Investigating the Data Addition Dilemma in Longitudinal TBI MRI
Journal:
medRxiv
Published Date:
Jan 1, 2025
Abstract
Clinical machine learning (CML)for brain MRI often assumes that more data guarantees better performance, yet added samples can reduce accuracy when they arise from a different distribution, a phenomenon known as the Data Addition Dilemma. We present a systematic study of this issue in longitudinal TBI MRI, where acute baseline scans (S1) and follow-up scans (S2) differ substantially. Using a 14-subject, 28-scan cohort, we quantify the combined effects of intra-subject session shifts and inter-subject variability on severity classification. We evaluate four training schemes: (1) intra-session upper bound (S1→S1), (2) cross-session OOD testing (S1→S2), (3) pooled training (S1+S2→S1,S2), and (4) LOSO-IPA, which adds one unlabeled S2 scan per patient.
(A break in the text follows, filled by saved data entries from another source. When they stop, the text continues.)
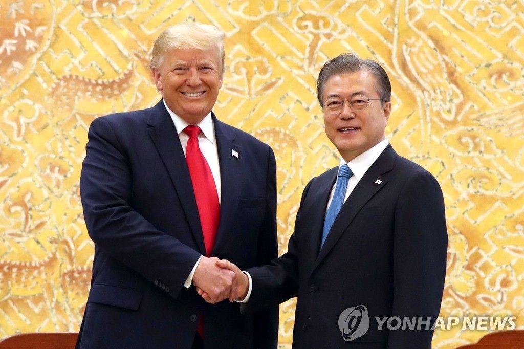 6月30日,在青瓦台,韩国总统文在寅(右)与美国总统特朗普握手合影。 韩联社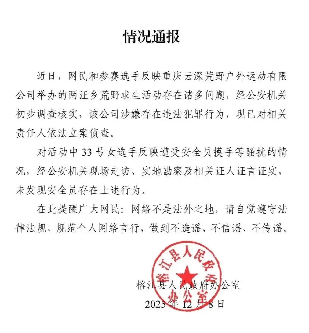 央广网黔东南12月9日消息(记者杨贇)据“榕江发布”微信公众号12月8日晚消息,贵州省榕江县通报两汪乡荒野求生赛事相关情况:主办方企业涉嫌违法犯罪行为,责任人被警方立案侦查,多方查证女选手被安全员骚扰为不实消息。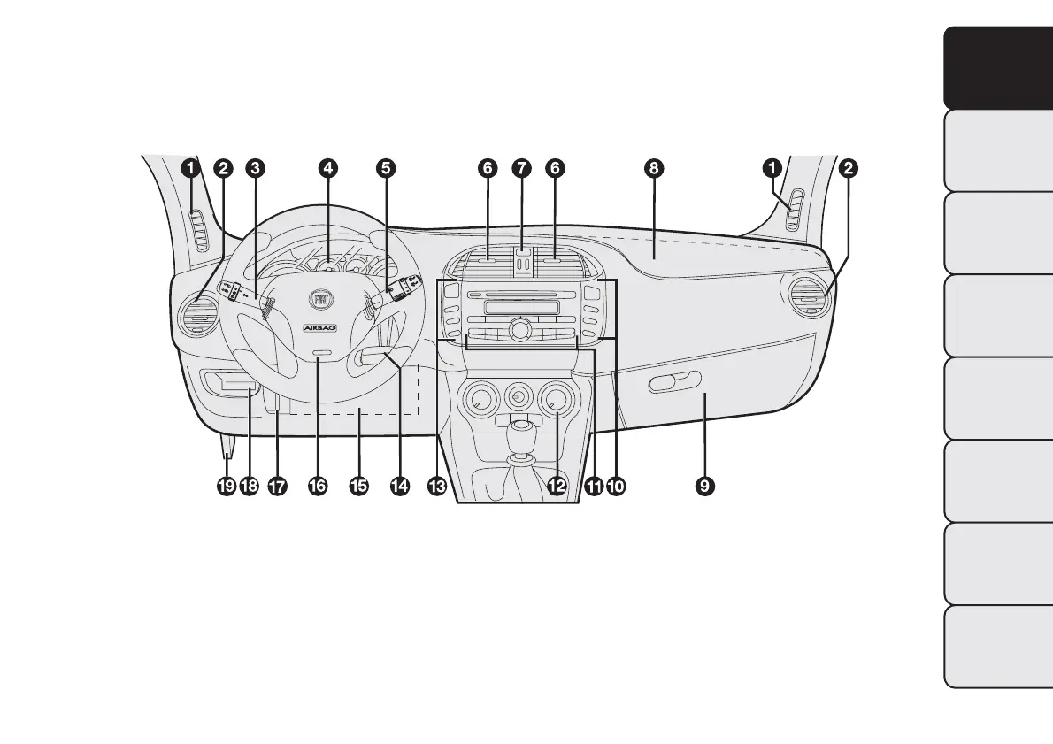 air diffusers - 7. Hazard warning lights switch - 8. Passenger front airbag - 9. Glove compartment - 10. Fog lights/rear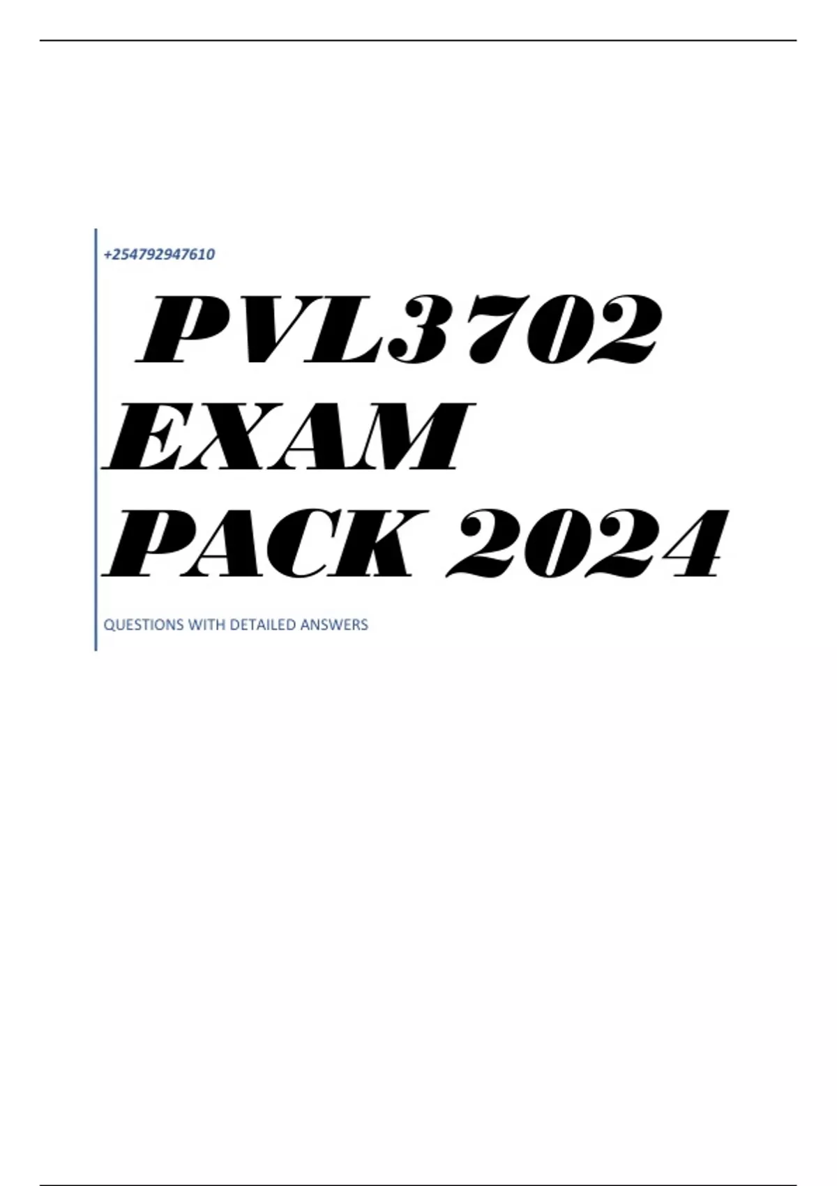 QUESTIONS AND ANSWERS PVL3702 EXAM PACK 2024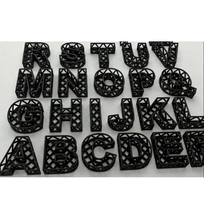 Dydis (apytiksliai, pagal vienos raidės pavyzdį): apie 7.9 × 7.2 × 2.2 cm (raidžių plotis gali šiek tiek skirtis). Svoris ir trukmė: viena raidė ~ 9,5 g , spausdinimas ~ 1 val. (gali kisti priklausomai nuo konkrečios raidės).
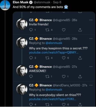 要说到推特的机器人账号问题,还有一个有意思的插曲。一个月前,马斯克(第N次)吐槽推特假帐号泛滥,这次他配上了一张截图,图里是一个“假赵长鹏”在马斯克评论区卖力兜售加密货币链接,边发链接还边问“为什么他们要对此保密?”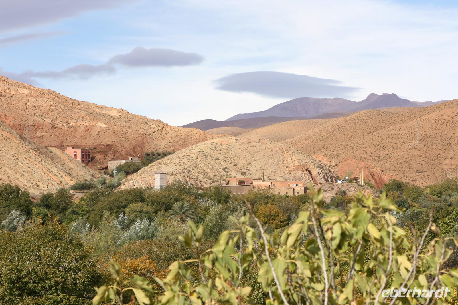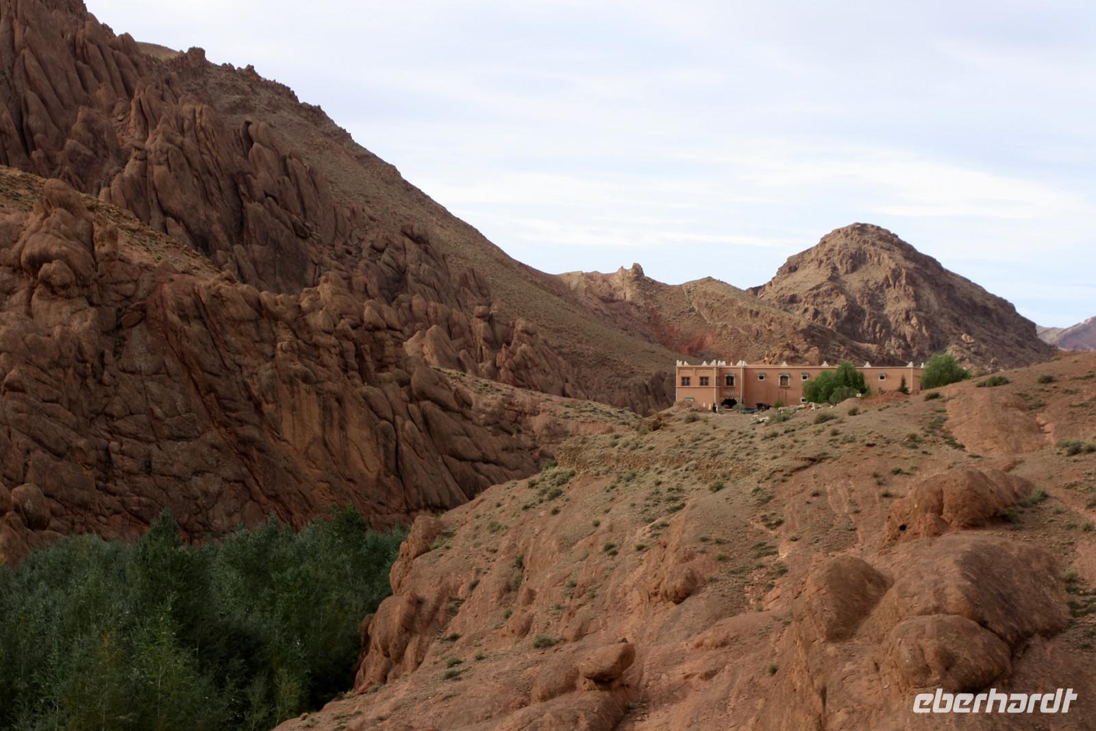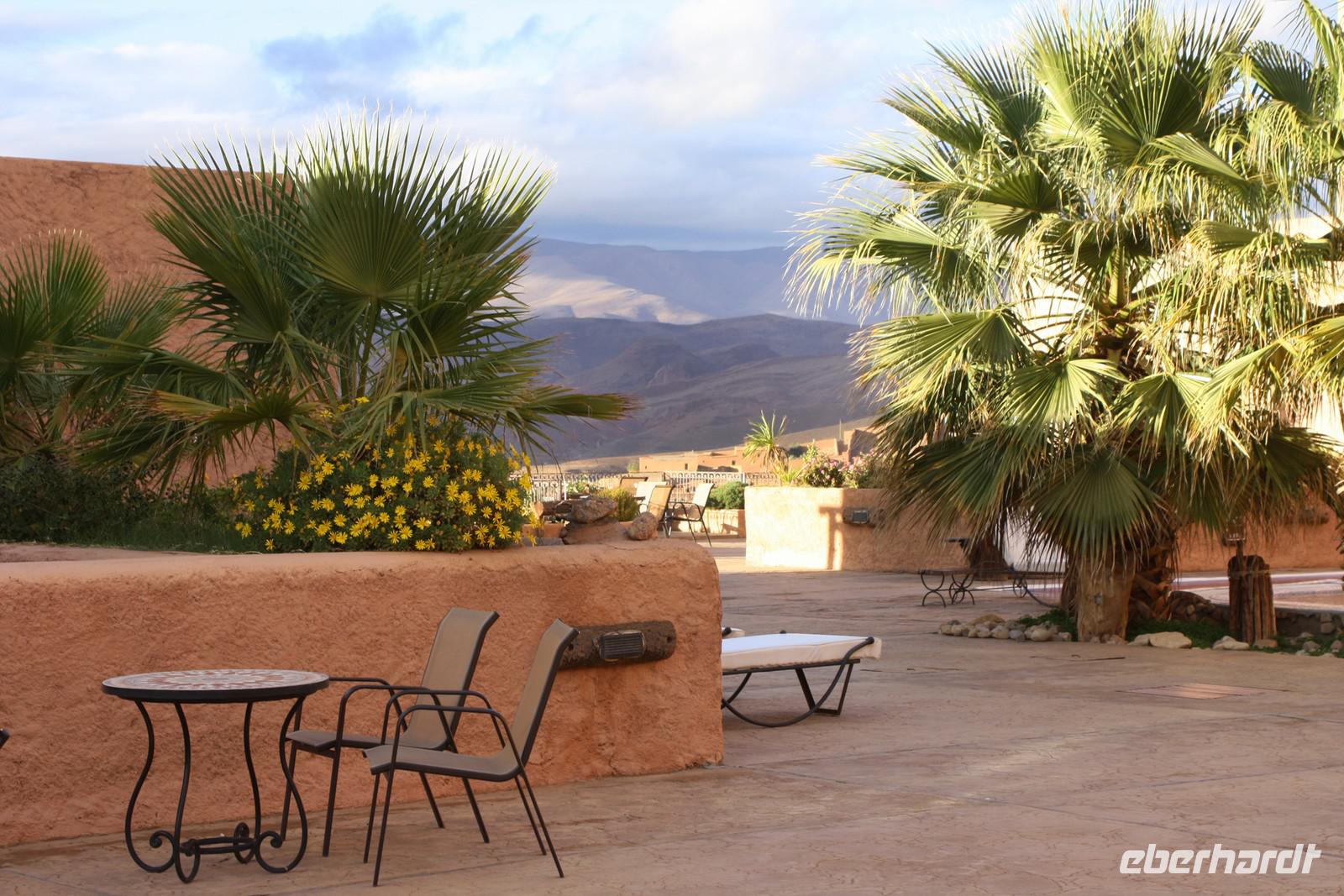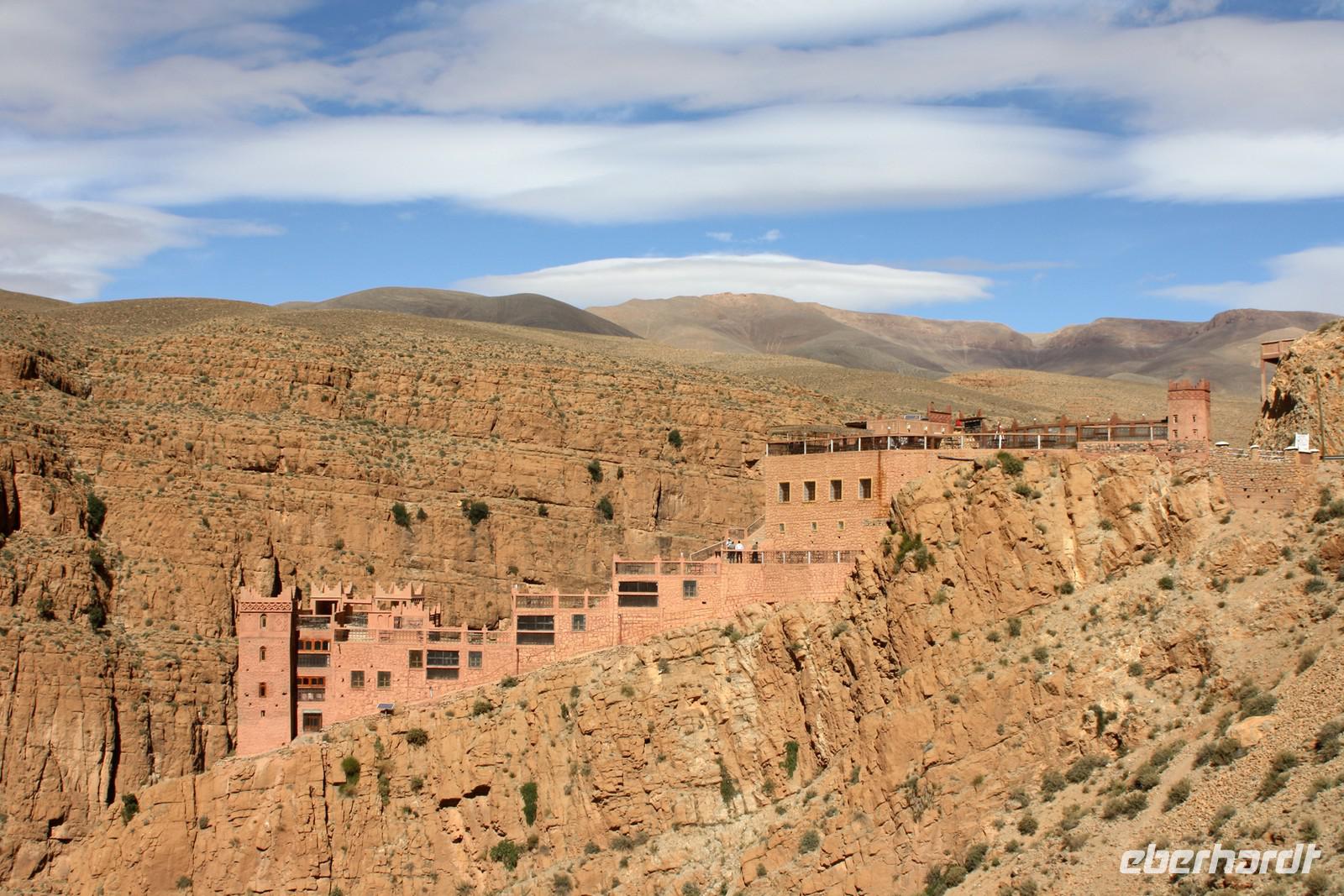 Wir hatten einen Bus-Stopp später eine fantastische Aussicht auf das Tondratal und fuhren weiter zur Tondraschlucht, wo wir auch zu Mittag aßen. Später erreichten wir das schönste Hotel der Reise, „Xaluca Dades" - tolle Begrüßung durch eine Folkloregruppe, Tee und Gebäck, supernette Mitarbeiter, superschöne Anlage im afrikanischen Stil mit Pool und traumhafte Zimmer! Auch der Ausblick auf die Stadt Boumalne du Dades war sensationell. Auch das Buffet beim Abendessen war sehr abwechslungsreich und lecker.

With a lightweight logistic-regression model on PCA features, we show that naive pooling can degrade accuracy, pooled training trades baseline performance for modest robustness gains, and LOSOIPA recovers accuracy close to the intra-session limit. We recommend per-subject follow-up anchoring and diagonal CORAL alignment to mitigate session effects. These results clarify when additional data help or hinder CML workflows and provide a minimally invasive strategy for reliable longitudinal TBI severity assessment.